*** Block opens ***

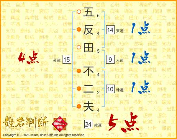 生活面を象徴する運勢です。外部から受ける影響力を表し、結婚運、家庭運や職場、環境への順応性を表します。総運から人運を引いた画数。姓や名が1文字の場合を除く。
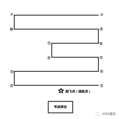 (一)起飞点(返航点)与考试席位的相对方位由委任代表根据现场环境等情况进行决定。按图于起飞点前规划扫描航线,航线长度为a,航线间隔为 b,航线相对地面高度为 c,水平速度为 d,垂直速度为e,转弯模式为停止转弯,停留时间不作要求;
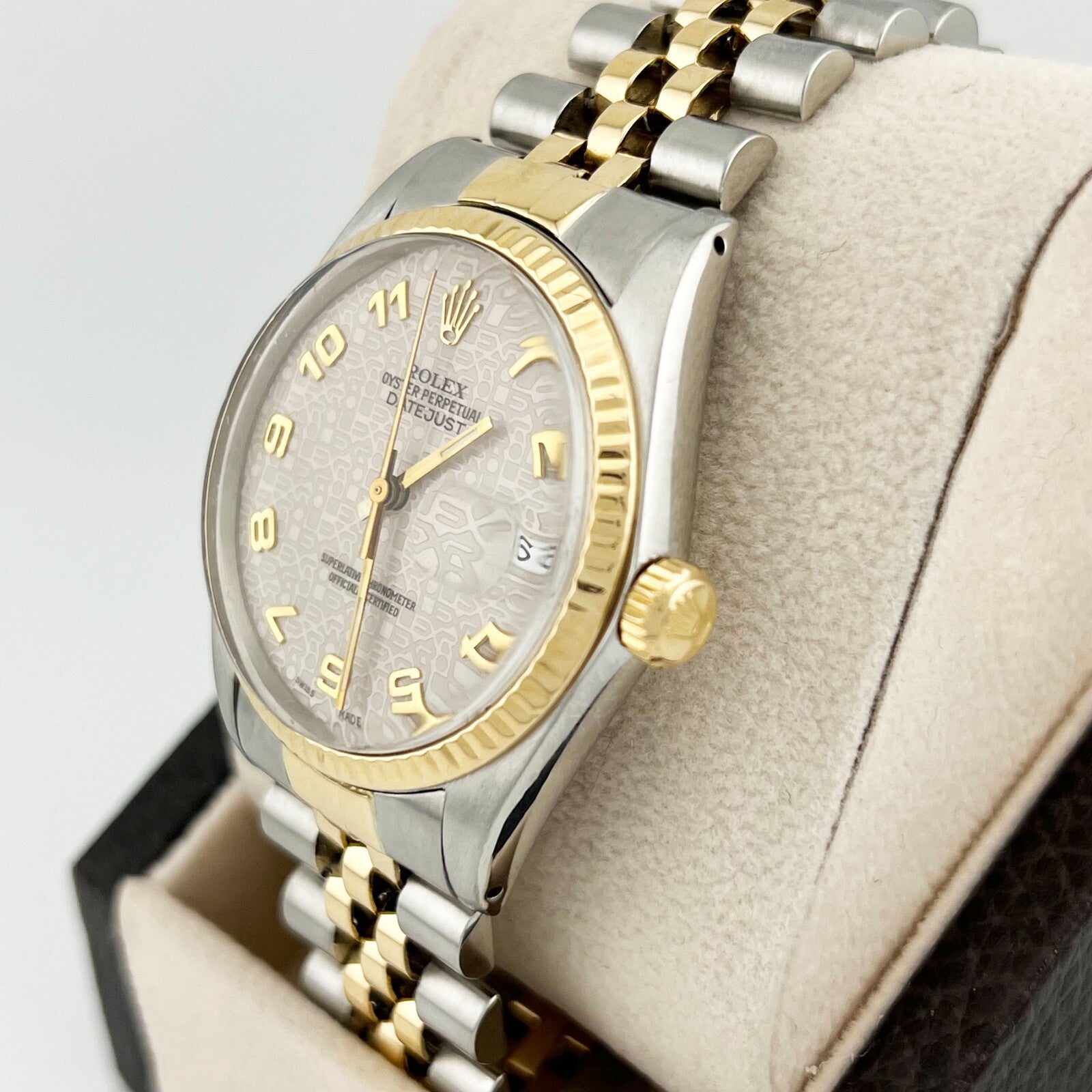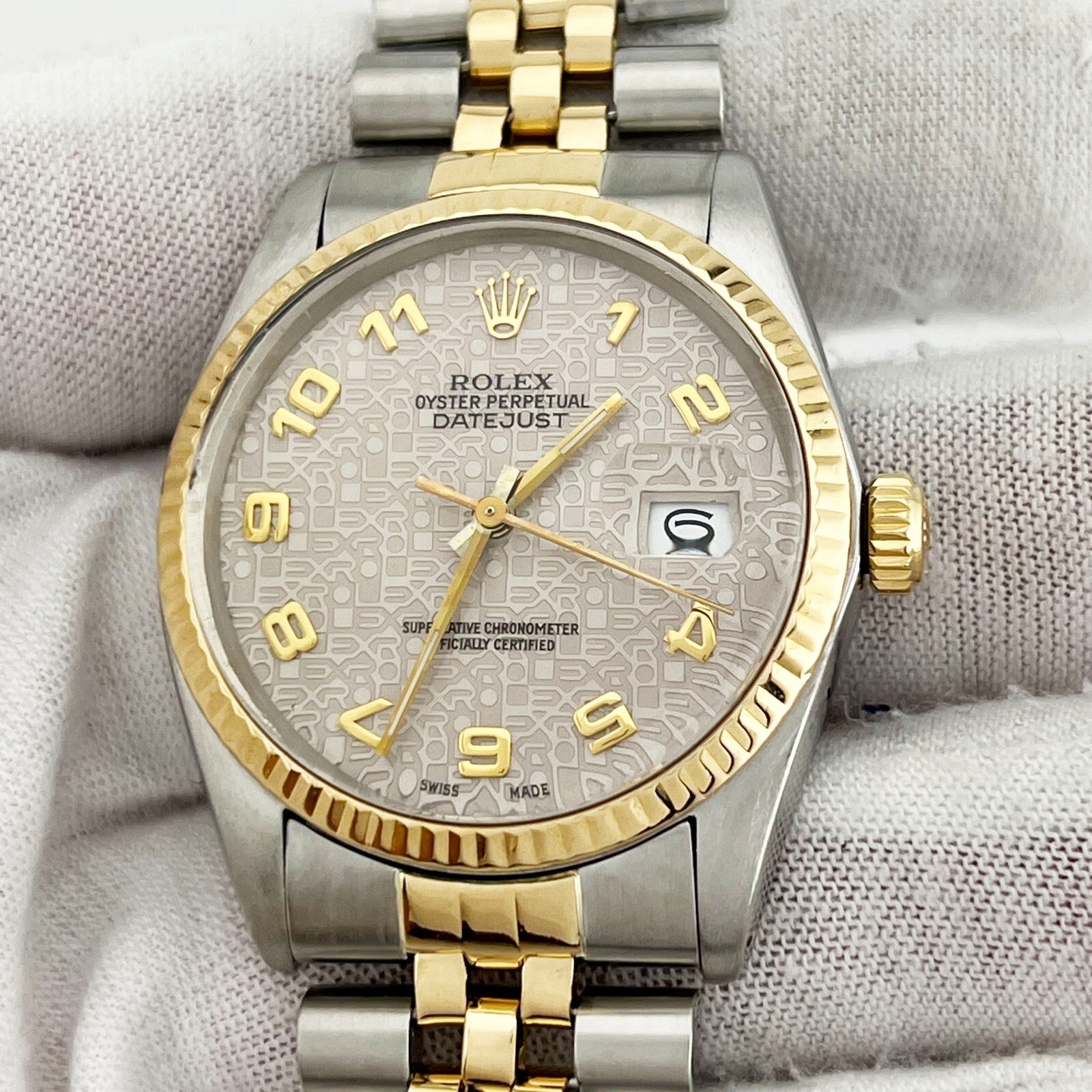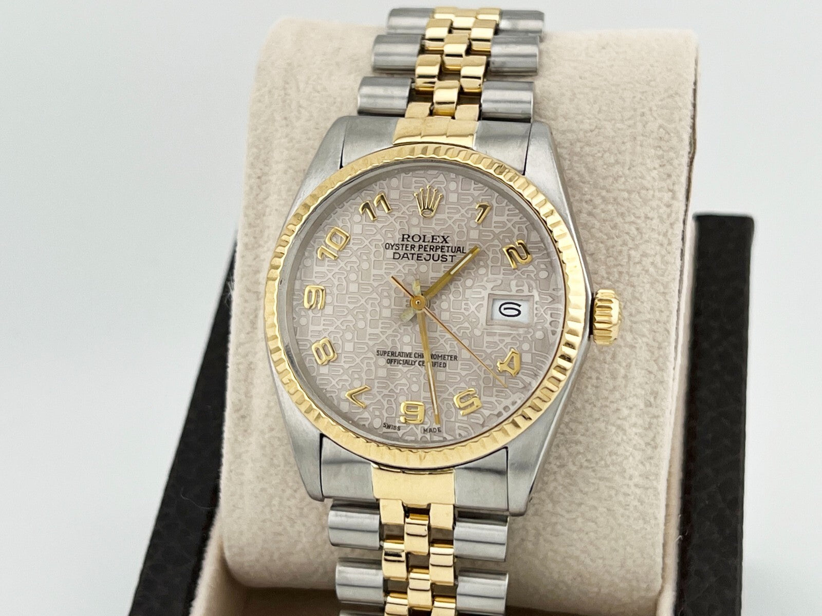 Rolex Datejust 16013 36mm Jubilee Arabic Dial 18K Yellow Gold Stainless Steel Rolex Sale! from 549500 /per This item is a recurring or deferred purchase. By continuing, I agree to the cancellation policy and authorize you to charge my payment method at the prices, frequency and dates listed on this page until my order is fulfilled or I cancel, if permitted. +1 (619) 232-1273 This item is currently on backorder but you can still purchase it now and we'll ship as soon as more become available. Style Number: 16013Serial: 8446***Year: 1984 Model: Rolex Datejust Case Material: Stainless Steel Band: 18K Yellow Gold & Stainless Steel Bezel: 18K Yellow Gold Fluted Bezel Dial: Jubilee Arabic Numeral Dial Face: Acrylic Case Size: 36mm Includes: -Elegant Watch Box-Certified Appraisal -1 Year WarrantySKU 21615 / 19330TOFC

*** Block closes ***

Work to complete: Make an exact copy of the listing. Leave its pictures out.

Output:
 生活面を象徴する運勢です。外部から受ける影響力を表し、結婚運、家庭運や職場、環境への順応性を表します。総運から人運を引いた画数。姓や名が1文字の場合を除く。
 (一)起飞点(返航点)与考试席位的相对方位由委任代表根据现场环境等情况进行决定。按图于起飞点前规划扫描航线,航线长度为a,航线间隔为 b,航线相对地面高度为 c,水平速度为 d,垂直速度为e,转弯模式为停止转弯,停留时间不作要求;
 Rolex Datejust 16013 36mm Jubilee Arabic Dial 18K Yellow Gold Stainless Steel Rolex Sale! from 549500 /per This item is a recurring or deferred purchase. By continuing, I agree to the cancellation policy and authorize you to charge my payment method at the prices, frequency and dates listed on this page until my order is fulfilled or I cancel, if permitted. +1 (619) 232-1273 This item is currently on backorder but you can still purchase it now and we'll ship as soon as more become available. Style Number: 16013Serial: 8446***Year: 1984 Model: Rolex Datejust Case Material: Stainless Steel Band: 18K Yellow Gold & Stainless Steel Bezel: 18K Yellow Gold Fluted Bezel Dial: Jubilee Arabic Numeral Dial Face: Acrylic Case Size: 36mm Includes: -Elegant Watch Box-Certified Appraisal -1 Year WarrantySKU 21615 / 19330TOFC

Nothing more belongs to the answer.